I don't think it is necessary to extend beyond four priorities
for portable code, but implementors will still want to provide
their own mechanism(s) for more detailed control.  Later in
this message, I'll use Larceny as an example to show how the
four priorities might map onto Larceny's existing mechanisms.

IMO, there is more reason to extend the declaration syntax
for other qualities than to extend the set of priorities.

> > <typespec> --> #t
> >              | number? | complex? | real? | rational? | integer?
> >              | exact? | inexact? | fixnum? | flonum?
> >              | (< _ <bound>) | (< <bound> _) | (< <bound> _ <bound>)
> >              | (<= _ <bound>) | (<= <bound> _) | (<= <bound> _ <bound>)
> >              | boolean? | symbol? | null? | pair? | list?
> >              | char? | string? | vector?
> >              | input-port? | output-port?
> 
> This worries me for various reasons---most of all because the set of
> type specs doesn't seem to be extensible.  The rationale would be
> clearer if only "primitive types" (i.e. the types without which there
> is no semantic core) were included, but ports seem a bit misplaced
> here.

I share your concern about where the line is drawn.  The
principle I followed was to include most of the unary
predicates in R6RS.  (I left out EOF-OBJECT? and maybe a
few others.)

I can see the value of letting a <typespec> be any unary
predicate.  The downside is that arbitrary predicates may
have side effects and may not terminate, so a program's
behavior would depend upon which type declarations happen
to be ignored by an implementation.  That's a lot worse
than having type exceptions depend on which declarations
are ignored, because type exceptions explain why they
happened.

Other downsides are that programmers might not have as
clear an idea concerning what kinds of type declarations
they should provide, and more people might begin to argue
that implementations should be required to enforce type
declarations.  If we're going to go down that road, then
we probably ought to design an assertion mechanism instead.

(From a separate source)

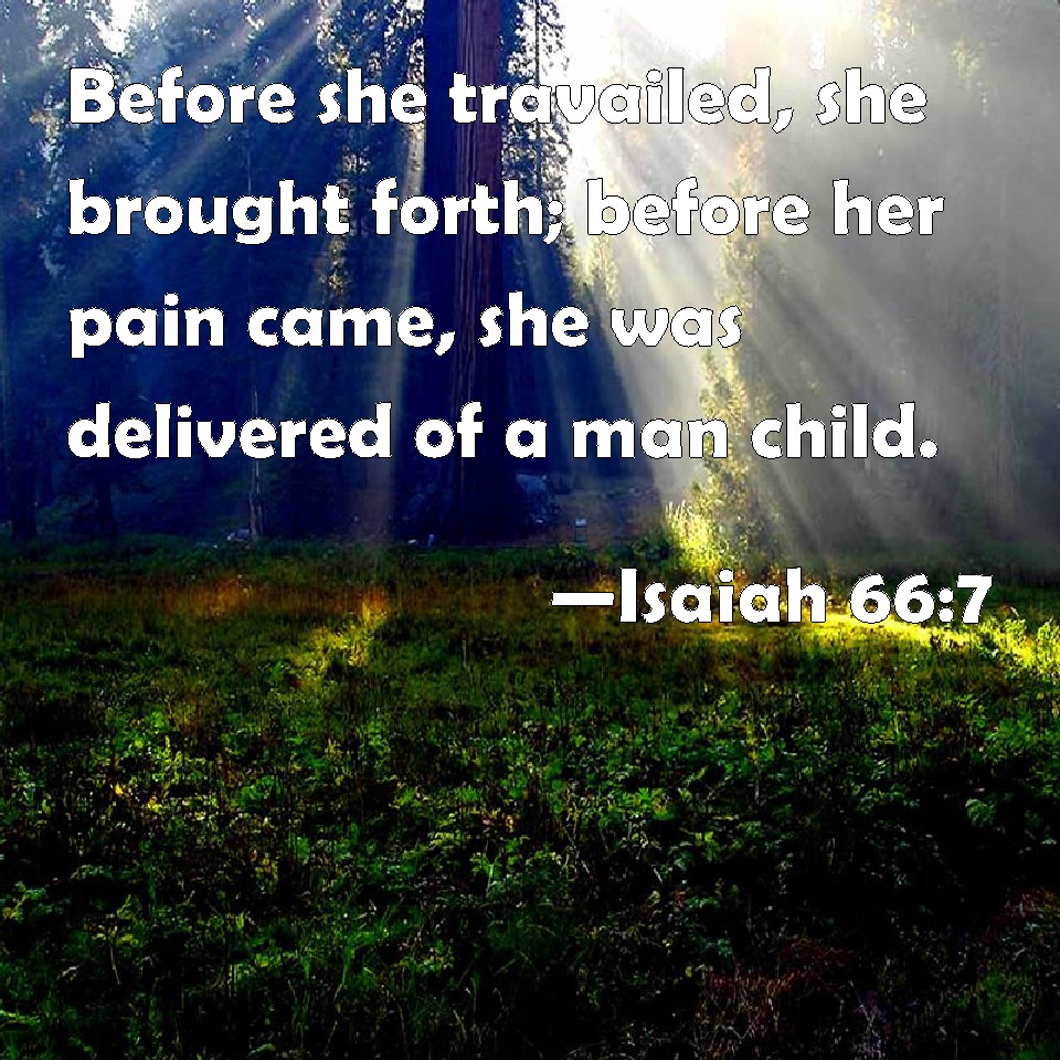 Choose a Background Isaiah 66:7 Before she travailed, she brought forth; before her pain came, she was delivered of a man child. KJV: Before she travailed, she brought forth; before her pain came, she was delivered of a man child. DRB: Before she was in labour, she brought forth; before her time came to be delivered, she brought forth a man child. DBT: Before she travailed, she brought forth; before her pain came, she was delivered of a man-child. ERV: Before she travailed, she brought forth; before her pain came, she was delivered of a man child. WBT: Before she travailed, she brought forth; before her pain came, she was delivered of a male child. WEB: "Before she travailed, she brought forth; before her pain came, she delivered a son. YLT: Before she is pained she hath brought forth, Before a pang cometh to her, She hath delivered a male.Links Isaiah 66:7 NIV • Isaiah 66:7 NLT • Isaiah 66:7 ESV • Isaiah 66:7 NASB • Isaiah 66:7 KJV • Isaiah 66:7 Interlinear • Isaiah 66:7 Commentaries • Isaiah 66:7 Parallel Texts • Isaiah 66:7 Bible Apps • Isaiah 66:7 Parallel • Bible Hub |

> I would appreciate if the speed-oriented implementors (you or Kent)
> could give us some idea of how important type declarations are for
> generating good code.  (I do understand that these declarations have
> other uses, but they seem to be designed primarily to achieve speed.)

On most machines, you can generate much better code for
arithmetic operations if you know that all of the operands
are flonums.  We're talking about a factor of 5 to 20 in
time, and a factor of 3 to 5 in code space.  Even in safe
mode, where the compiler may have to perform a few checks
at run time, the code can be much faster and smaller if it
can just raise an exception when the flonum declarations
turn out to be incorrect.  In unsafe mode, the compiler
can just trust the declarations, which presumably have
been tested in safe mode.

For other kinds of type declarations the speedups are less
dramatic, but can be important in some cases.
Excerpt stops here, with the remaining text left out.